Hey. Im 19 years old and ive been in your situation. Il tell you about it.

When i was 15 years old i started a relationship with a boy the same age as me, everything was good. Until we hit about 4 months in, he stopped me speaking to boys, deleted them off my mobile contacts, and eventually he made me show him my facebook. It started off as not allowed to speak to boys, and as the relationship progressed it got worse, i wasnt allowed to go out with out him, yet he went out drinking and cheating on me with other girls. I went out one night in the car with my dad to asda, i drove past this pub (he was only 17 but had fake id) and he was outside kissing a 15 year old girl.

It wont happen again he said, and i forgave him. Then he was texting another girl telling her he liked her, and bitching about me to her, i found out, forgave him, he eventually slept with that girl sweetie.

I could bet the same will happen to you if it hasnt already. Unforutnatly for me i had already started a sexual relationship with him, and i had to be tested for sti's. I heard rumours about him cheating all the time, but i believed i loved him and stayed with him.

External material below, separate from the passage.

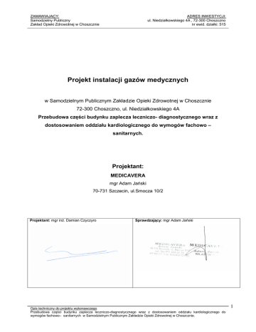 ZAMAWIAJĄCY: Samodzielny Publiczny Zakład Opieki Zdrowotnej w Choszcznie ADRES INWESTYCJI: ul. Niedziałkowskiego 4A , 72-300 Choszczno nr ewid. działki: 515 Projekt instalacji gazów medycznych w Samodzielnym Publicznym Zakładzie Opieki Zdrowotnej w Choszcznie 72-300 Choszczno, ul. Niedziałkowskiego 4A Przebudowa części budynku zaplecza leczniczo- diagnostycznego wraz z dostosowaniem oddziału kardiologicznego do wymogów fachowo – sanitarnych. Projektant: MEDICAVERA mgr Adam Jański 70-731 Szczecin, ul.Smocza 10/2 Projektant: mgr inŜ. Damian Czyczyro Sprawdzający: mgr Adam Jański Opis techniczny do projektu wykonawczego Przebudowa części budynku zaplecza leczniczo-diagnostycznego wraz z dostosowaniem oddziału kardiologicznego do wymogów fachowo– sanitarnych w Samodzielnym Publicznym Zakładzie Opieki Zdrowotnej w Choszcznie. 1 ZAMAWIAJĄCY: Samodzielny Publiczny Zakład Opieki Zdrowotnej w Choszcznie 1. ADRES INWESTYCJI: ul. Niedziałkowskiego 4A , 72-300 Choszczno nr ewid. działki: 515 SPIS TREŚCI 1. SPIS TREŚCI ................................................................................................. 2 2. WYMAGANIA OGÓLNE............................................................................. 3 2.1. Definicje: ................................................................................................. 3 2.2. Podstawa opracowania ............................................................................ 7 2.3. Przedmiot opracowania ........................................................................... 8 2.4. Lokalizacja obiektu.................................................................................. 8 2.5. Wymagania prawne ................................................................................. 8 2.6. Uprawnienia............................................................................................. 9 3. WYMAGANIA KONSTRUKCYJNO – BUDOWLANE .......................... 10 3.1. Ciśnienie rozprowadzania w instalacji .................................................. 10 3.2. Parametry przepływu w punktach poboru............................................. 10 3.3. Inwentaryzacja punktów poboru ........................................................... 11 3.4. Źródła zasilania gazami ......................................................................... 11 3.5. Współczynniki jednoczesności i przepływy obliczeniowe ................... 11 3.6. Rurociągi................................................................................................ 12 3.7. Wytyczne montaŜowe dla rurociągów .................................................. 16 3.8. MontaŜ strefowych zaworów odcinających .......................................... 17 3.9. Sygnalizacja alarmowa .......................................................................... 20 3.10. Oznakowanie rurociągu ..................................................................... 23 3.11. Badania końcowe, instrukcje obsługi, odbiory (atestacja). ............... 23 4. Wartości nieuregulowane niniejszym projektem. ........................................ 28 Opis techniczny do projektu wykonawczego Przebudowa części budynku zaplecza leczniczo-diagnostycznego wraz z dostosowaniem oddziału kardiologicznego do wymogów fachowo– sanitarnych w Samodzielnym Publicznym Zakładzie Opieki Zdrowotnej w Choszcznie. 2 ZAMAWIAJĄCY: Samodzielny Publiczny Zakład Opieki Zdrowotnej w Choszcznie ADRES INWESTYCJI: ul. Niedziałkowskiego 4A , 72-300 Choszczno nr ewid. działki: 515 2. WYMAGANIA OGÓLNE 2.1. Definicje: 2.1.1. awaryjne źródło zasilania źródło zasilania przeznaczone do połączenia z przyłączem awaryjnym 2.1.2. dwustopniowy, rurociągowy system rozprowadzający rurociągowy system rozprowadzający, który ze źródła zasilania jest pierwotnie zasilany gazem o ciśnieniu wyŜszym niŜ nominalne ciśnienie rozprowadzania i to wyŜsze ciśnienie jest następnie obniŜane do nominalnego ciśnienia rozprowadzania za pomocą dodatkowych sieciowych reduktorów ciśnienia. 2.1.3. gaz medyczny gaz lub mieszanina gazów przeznaczona do podawania pacjentom dla celów anestetycznych, terapeutycznych, diagnostycznych lub profilaktycznych 2.1.4. główne źródło zasilania część systemu zasilającego, która zaopatruje rozprowadzający system rurociągowy 2.1.5. ciśnieniowy zawór nadmiarowy urządzenie przeznaczone do zmniejszenia nadmiernego ciśnienia do wcześniej ustalonej wartości 2.1.6. jednostopniowy, rozprowadzający system rurociągowy rozprowadzający system rurociągowy, w którym gaz jest rozprowadzany z systemu zasilającego pod nominalnym ciśnieniem rozprowadzania 2.1.7. konserwacyjne źródło zasilania źródło zasilania przeznaczone do zasilania systemu podczas jego konserwacji 2.1.8. maksymalne ciśnienie rozprowadzania ciśnienie gazu, zmierzone za dowolnym punktem poboru, gdy system rurociągowy pracuje w warunkach zerowego przepływu Opis techniczny do projektu wykonawczego Przebudowa części budynku zaplecza leczniczo-diagnostycznego wraz z dostosowaniem oddziału kardiologicznego do wymogów fachowo– sanitarnych w Samodzielnym Publicznym Zakładzie Opieki Zdrowotnej w Choszcznie. 3 ZAMAWIAJĄCY: Samodzielny Publiczny Zakład Opieki Zdrowotnej w Choszcznie ADRES INWESTYCJI: ul. Niedziałkowskiego 4A , 72-300 Choszczno nr ewid. działki: 515 2.1.9. minimalne ciśnienie rozprowadzania najniŜsze ciśnienie gazu, zmierzone za dowolnym punktem poboru, gdy system rurociągowy pracuje w warunkach przepływu obliczeniowego 2.1.10. nominalne ciśnienie rozprowadzania ciśnienie, jakie system rurociągowy do gazów medycznych ma zapewnić w punktach poboru 2.1.11. nominalne ciśnienie systemu zasilającego ciśnienie, jakie system zasilający ma zapewnić na wlocie sieciowych reduktorów ciśnienia 2.1.12. odbiór końcowy sprawdzanie działania systemu w celu zweryfikowania, Ŝe uzgodniona specyfikacja systemu została spełniona i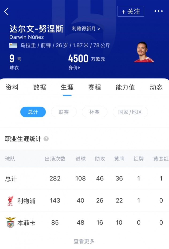 努涅斯自2022年從本菲卡轉(zhuǎn)會(huì)以來(lái),共為利物浦出場(chǎng)143次。上賽季他出戰(zhàn)了30場(chǎng)聯(lián)賽,但其中僅8次首發(fā),并在球隊(duì)贏得英超冠軍的賽季中打入5球。努涅斯現(xiàn)年26歲,目前德轉(zhuǎn)估值4500萬(wàn)歐。

When i was 17 years old, i was still with him, living a life of hell, i decided to just go out, whats the worse that could happen? I was fed up of feeling worthless. Well he found out, rang me at 1 o clock in the morning saying he needed to see me urgently. I left and went to meet him, where i met him too i could see my house. Thats where he hit me.

I ended up in hopsital with a broken jaw and nose. I have 3 plates in my jaw, 26 stitches inside my mouth, 11 on the outside of my face, and i cant feeling my bottom lip or chin as my nerves were so badly damaged from the operation.

Get out whilst you can. Please. Your 16/17 years old, you have your whole life to live. Dont end up like me. I was stupid and forgave him when all the warning signs are showing. Read your story. The alarm bells should be ringing.